EXERCISE
Set the pictures aside and set down only the lines from the line holding "T-Sand SOLD OUT" through the end of the entries below, ends included.

§

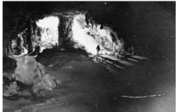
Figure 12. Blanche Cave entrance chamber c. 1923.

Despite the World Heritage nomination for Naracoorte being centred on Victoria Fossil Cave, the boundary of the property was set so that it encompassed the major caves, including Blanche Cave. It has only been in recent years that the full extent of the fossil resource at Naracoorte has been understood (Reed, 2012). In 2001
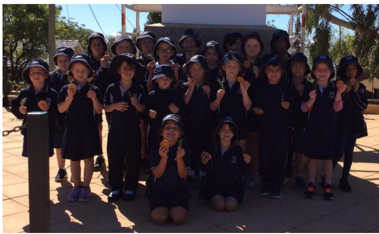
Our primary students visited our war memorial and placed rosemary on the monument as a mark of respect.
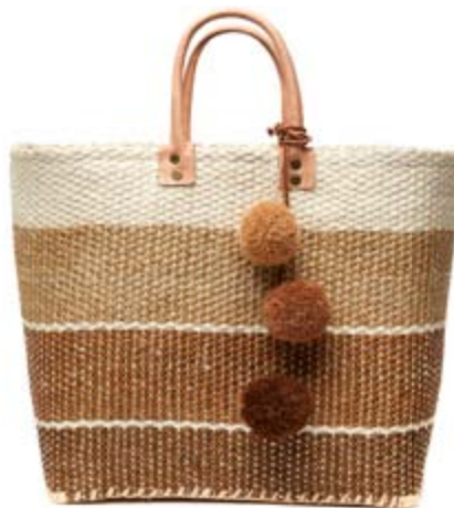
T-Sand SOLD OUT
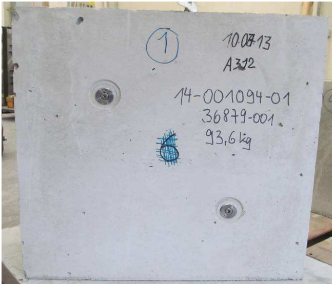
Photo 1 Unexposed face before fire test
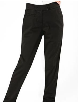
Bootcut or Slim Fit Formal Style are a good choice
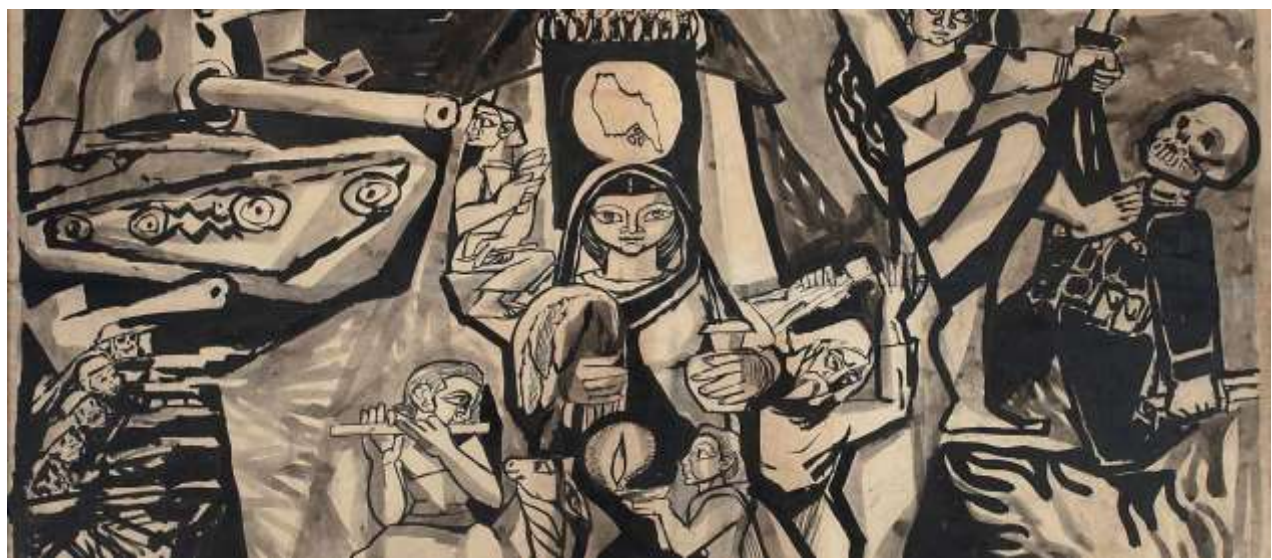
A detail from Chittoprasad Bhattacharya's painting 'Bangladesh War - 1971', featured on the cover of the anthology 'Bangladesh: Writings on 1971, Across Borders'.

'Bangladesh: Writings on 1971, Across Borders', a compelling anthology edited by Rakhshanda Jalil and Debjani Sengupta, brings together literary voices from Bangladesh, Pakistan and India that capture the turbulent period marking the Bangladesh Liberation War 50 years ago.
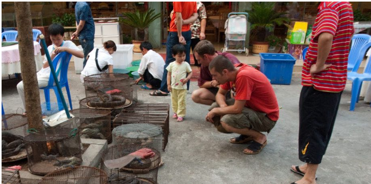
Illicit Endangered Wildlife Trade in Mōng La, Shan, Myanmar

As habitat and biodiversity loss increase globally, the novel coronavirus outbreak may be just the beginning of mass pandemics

§

EXPECTED ANSWER
T-Sand SOLD OUT
Photo 1 Unexposed face before fire test
Bootcut or Slim Fit Formal Style are a good choice
A detail from Chittoprasad Bhattacharya's painting 'Bangladesh War - 1971', featured on the cover of the anthology 'Bangladesh: Writings on 1971, Across Borders'.

'Bangladesh: Writings on 1971, Across Borders', a compelling anthology edited by Rakhshanda Jalil and Debjani Sengupta, brings together literary voices from Bangladesh, Pakistan and India that capture the turbulent period marking the Bangladesh Liberation War 50 years ago.
Illicit Endangered Wildlife Trade in Mōng La, Shan, Myanmar

As habitat and biodiversity loss increase globally, the novel coronavirus outbreak may be just the beginning of mass pandemics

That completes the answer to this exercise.